The opinion of the court was delivered by: LOUIS F. OBERDORFER

 Defendant Derrick Ingram was before me on February 4, 1993, after he pled guilty to maintaining a crack house in violation of 21 U.S.C. § 856(a)(2). For reasons stated from the bench and in a memorandum to be filed, Ingram was sentenced to the four and one-half months he had served between a first and second trial on a related indictment, since dismissed. This is the memorandum anticipated at sentencing.
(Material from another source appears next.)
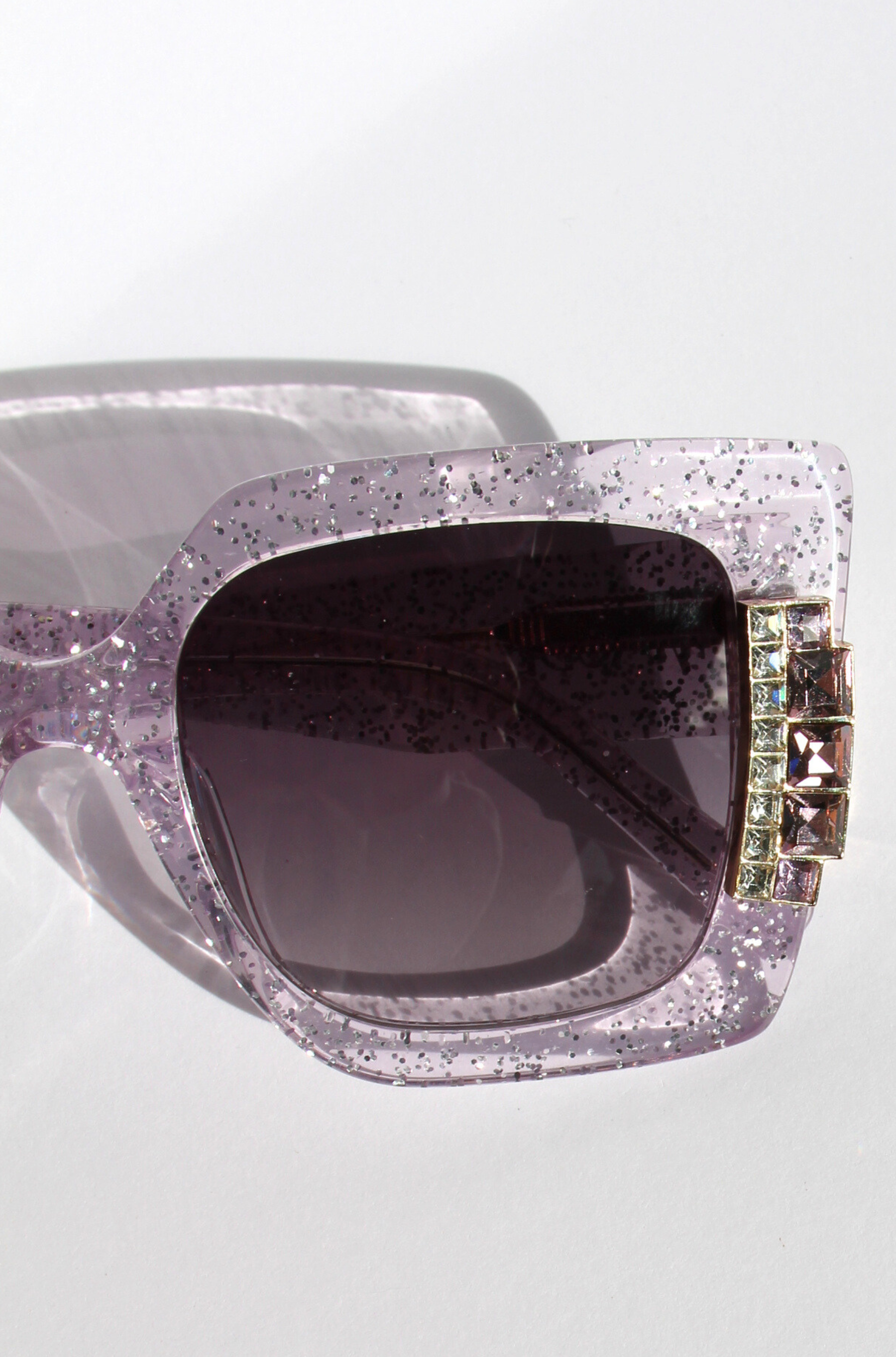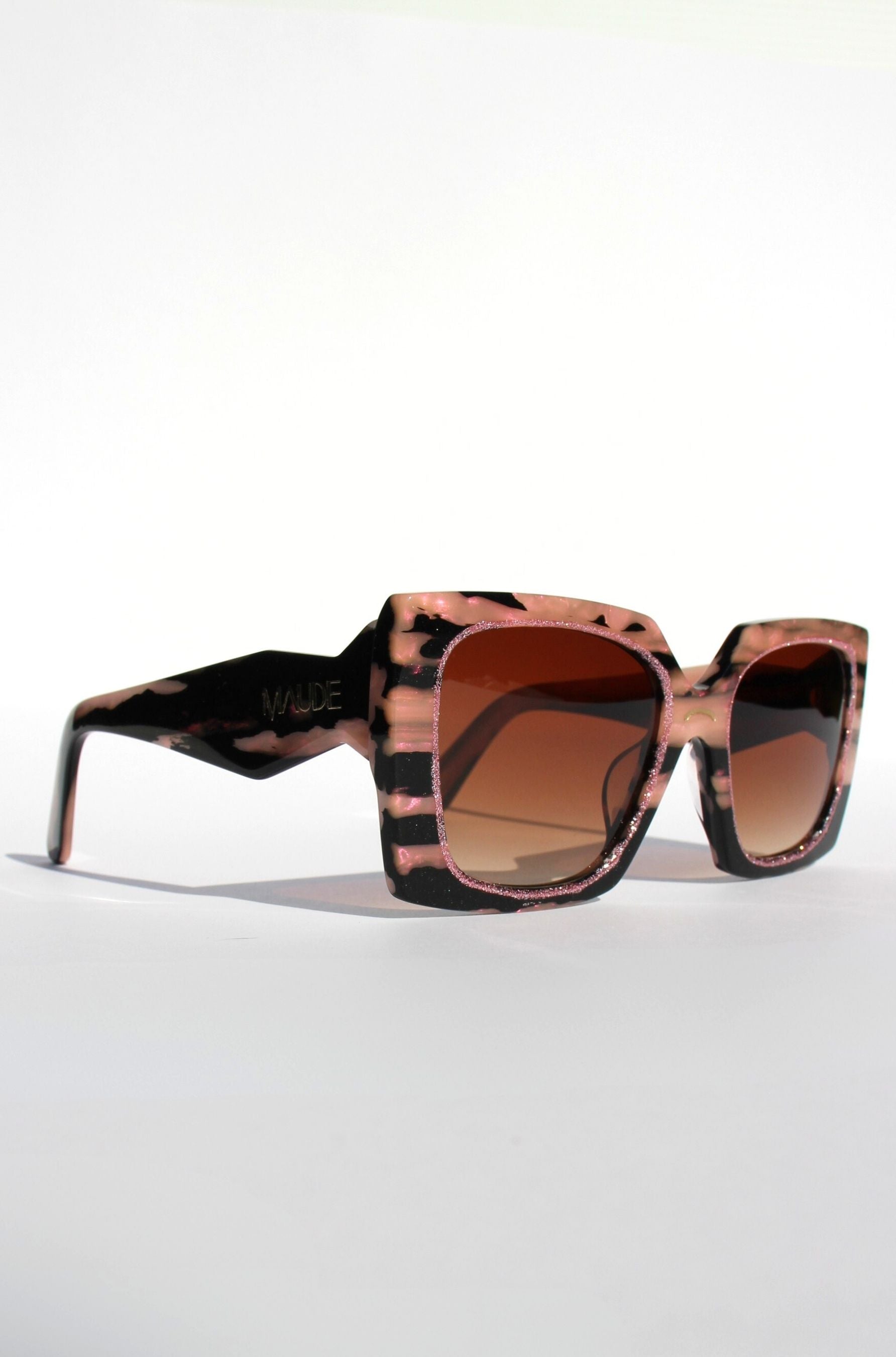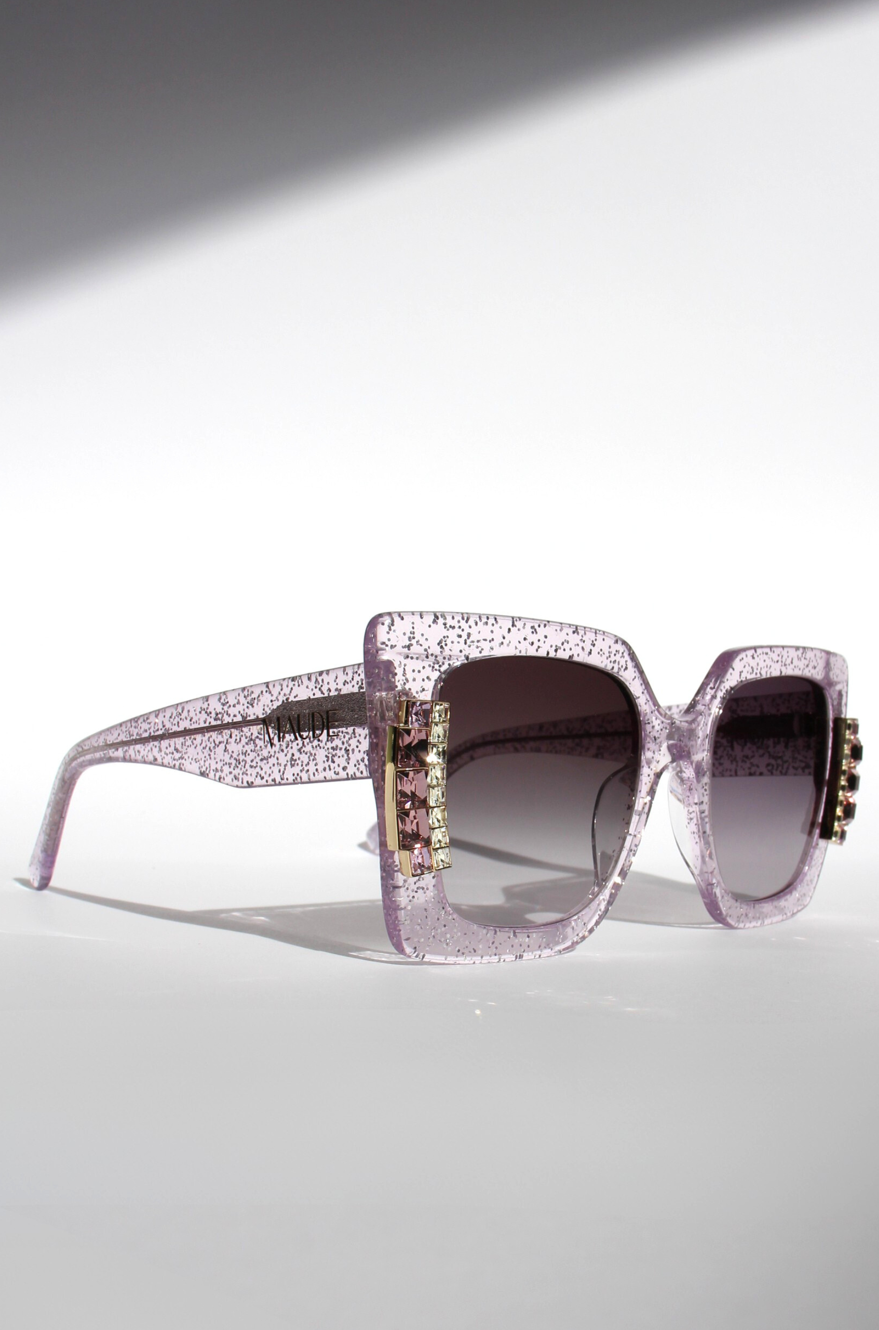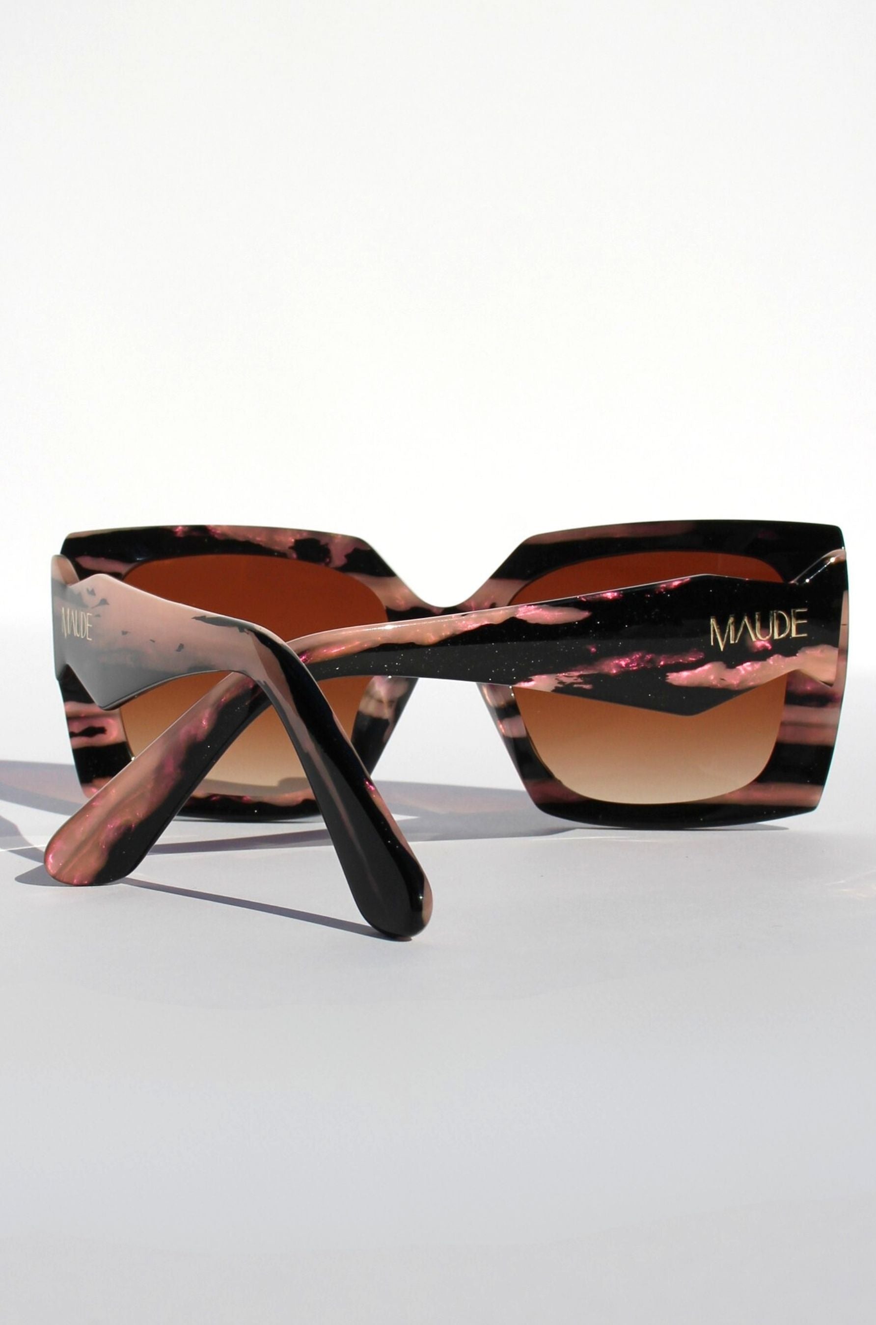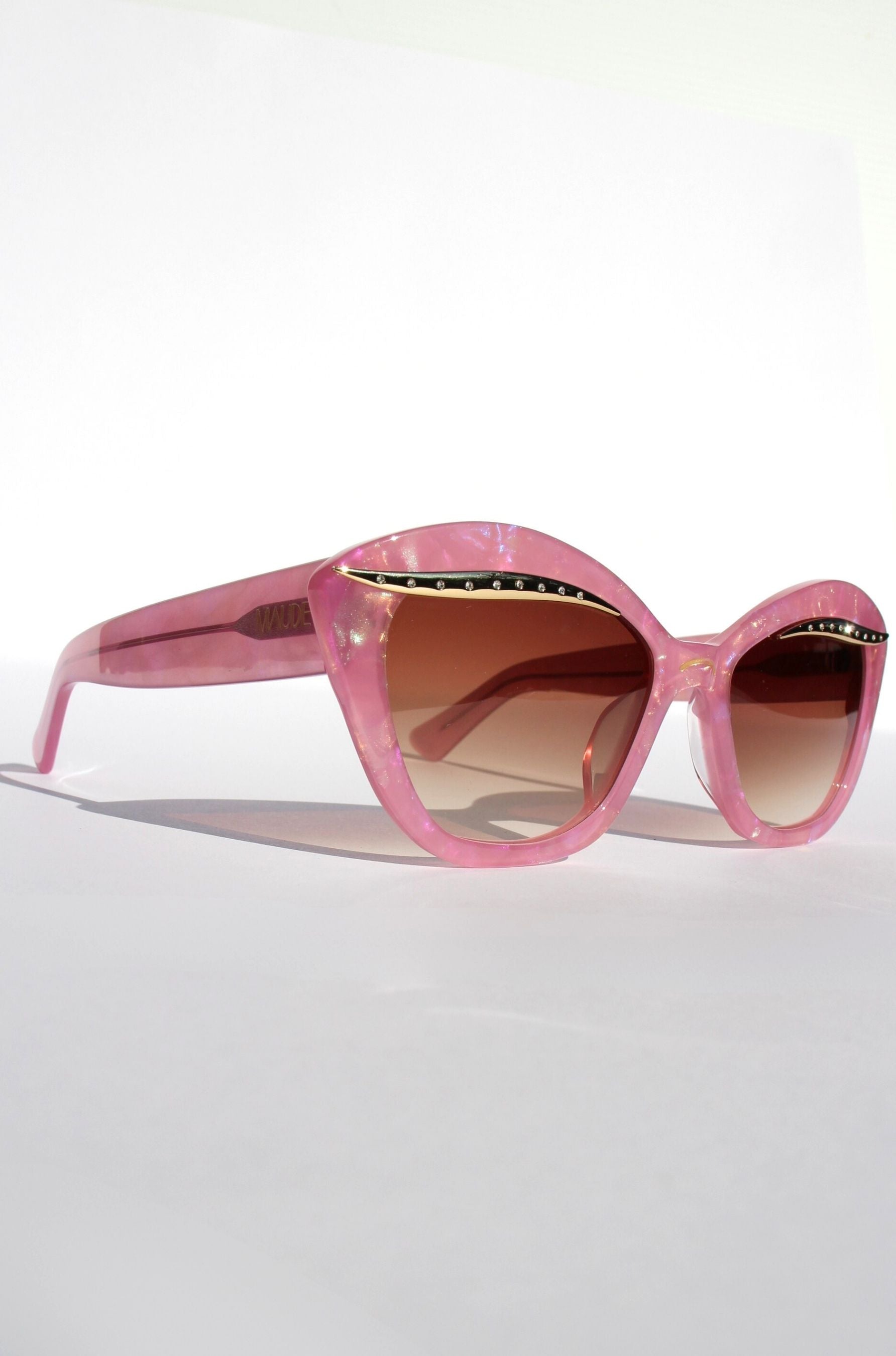 Side view of stylish pair of pastel pink and lilac sunglasses with a brown gradient lense set against a white background. there is a gold 'M' on the arm of the frame.

 On March 18, 1991, Metropolitan Police Department officers executing a search warrant at premises leased to one Vernon Harrison, found Ingram and Maurice Copeland and arrested them. On April 16, 1991, the prosecution filed a one count indictment charging Ingram and Copeland with possession with intent to distribute 5 grams or more of crack cocaine in violation of 21 U.S.C. § 841(a)(1) and (b)(1)(B)(iii). After pleading not guilty, they were released pending trial.

 For the second trial, Ingram's new counsel, Dale, traveled to South Carolina and located and subpoenaed Harrison. With Harrison as a witness, *fn1" Ingram put on a strong affirmative defense to the p.w.i.d. indictment. The second jury was unable to reach a verdict with respect to either Copeland or Ingram.

 Shortly thereafter the prosecution requested, and I scheduled, a third trial of the two defendants. Additional doubts about the credibility of the prosecution's evidence and the relative roles of Ingram and Copeland, however, and the fact that Copeland was not detained and Harrison was not charged, persuaded me to release Ingram pending the third trial.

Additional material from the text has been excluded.